Диана Виньковецкая - Об одной беспредметной выставке
Яшу куда‑то увели первого, как выступавшего, а вся толпа ещё некоторое время вертелась около железных ворот, дожидаясь впускного времени. В период нашего стояния отдельные прохожие интересовались: «За чем очередь?» и «Что будут давать?» Услышав невнятные ответы, проходили мимо. Мне запомнилось, как одна бабка обратилась к моему приятелю Лёше Орлову: «Голубчик, скажи, за чем стоят?» — «Да, не за чем, бабуля.» «Низачем — не стоят. Взаправду скажи. Не обманывай». «На выставку художника» — ответила какая— то девушка из ожидавших. «Ноне художества тоже смотрят по очереди?!» — сказала бабуля–философ и пошла, покачивая головой.
Открылась первая железная дверь и впустила часть ожидавших, стоявших в первых рядах. Пройдя через зигзаг всех дверей, ты оказывался в помещении, где два охранника внимательно проверяли пригласительные билеты и паспорта. После этой «человеческой» проверки все по одному должны были пройти ещё и через «механическую» — крутящуюся вертушку, а потом спуститься в подвал–раздевалку и подвергнуться пристальному осмотру гардеробщиков, — раздеться, сдать все пакеты и сумки и уже только после этих тщательных проверок подниматься наверх.

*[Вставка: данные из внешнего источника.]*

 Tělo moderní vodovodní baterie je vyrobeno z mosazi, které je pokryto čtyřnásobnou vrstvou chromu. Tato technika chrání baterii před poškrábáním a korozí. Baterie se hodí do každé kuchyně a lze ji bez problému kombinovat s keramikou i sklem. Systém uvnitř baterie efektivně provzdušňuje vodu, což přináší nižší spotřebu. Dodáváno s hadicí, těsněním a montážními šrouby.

Наверху, в холодном и длинном зале, резной потолок подпирался толстыми колонами из красной яшмы, стоящими в два ряда, пустая середина зала была уставлена рядами стульев (видимо, давно–давно это было пространство для танцев), над ними висела хрустальная люстра. Впереди зал заканчивался деревянным постаментом, на котором стоял стол–президиум, покрытый зелёной материей.
В зале уже были люди — когда они успели пробраться? Мы вошли первыми с общего хода; конечно, всегда есть задние проходы и лабиринты для «своих», тут, видимо, через крышу, потому как входных дверей вдоль всего квартала никуда не было видно. Некоторые из пробравшихся сидели на стульях, некоторые бродили вдоль стен. Нормальные на вид люди, не такие, как в Союзе писателей, но и не такие, как с буровой, — «итээры», как назвал их Кузьминский. По стенам за колонами были развешаны Яшины картины, и хотя колоны им закрывали свет, падающий от люстры, и картины были совсем неярко освещены, но они будто разговаривали с оставшимся от прежних времён величием этого парадного зала, захваченного матросами с каравеллы.

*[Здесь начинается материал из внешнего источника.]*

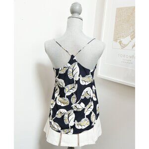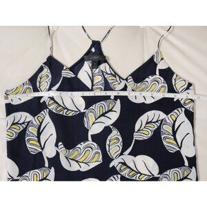 Navy blue bold white & yellow leaf pattern spaghetti strap tank top with a V neck front. Flowy loose drape.
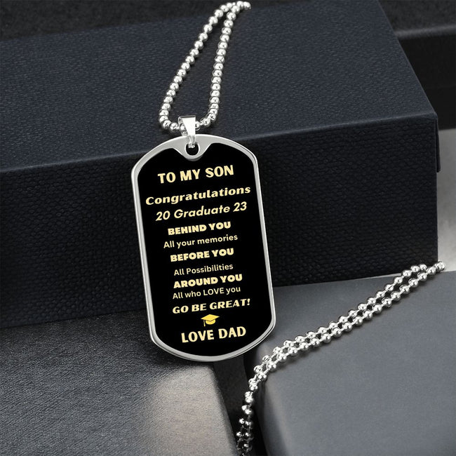 Surprise your son on his graduation with the Dag Tag Necklace! Crafted with care, this necklace carries the sentiment of a father's love and pride. Let him know you're always there for him with this heartfelt gift.
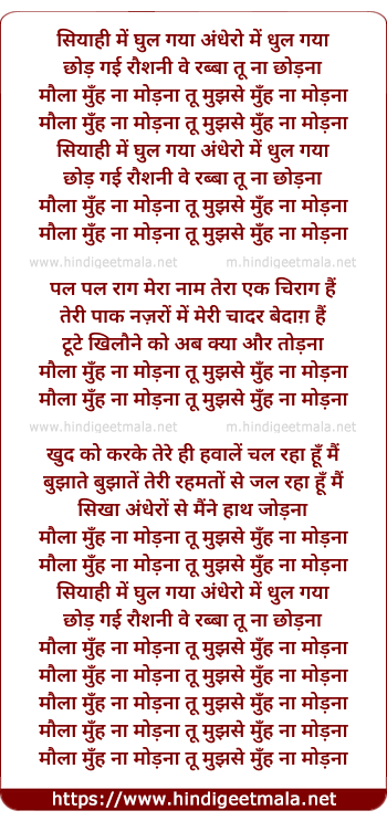 Lyrics of Maulaa Muh Na Modana - मौला मुँह ना मोड़ना

В одном из углов, слева от входной двери, стоял стол с книгой отзывов, в которую мне очень хотелось заглянуть, и я подошла посмотреть. Первая надпись, которой открывалась книга, гласила: «Лучше грабить и убивать, чем рисовать подобные картины!» Вдохновляющий отзыв для начала погрома. Сбоку была приписка: «Не обращайте внимания на выкрики местных хуй–вей— бинов!» Дальше: «Неужели не будет больше листьев, цветов, пейзажей? Вместо натюрмортов с овощами будет этот кошмар?» Сбоку опять приписка: «Ходи на базар, а не на выставки !».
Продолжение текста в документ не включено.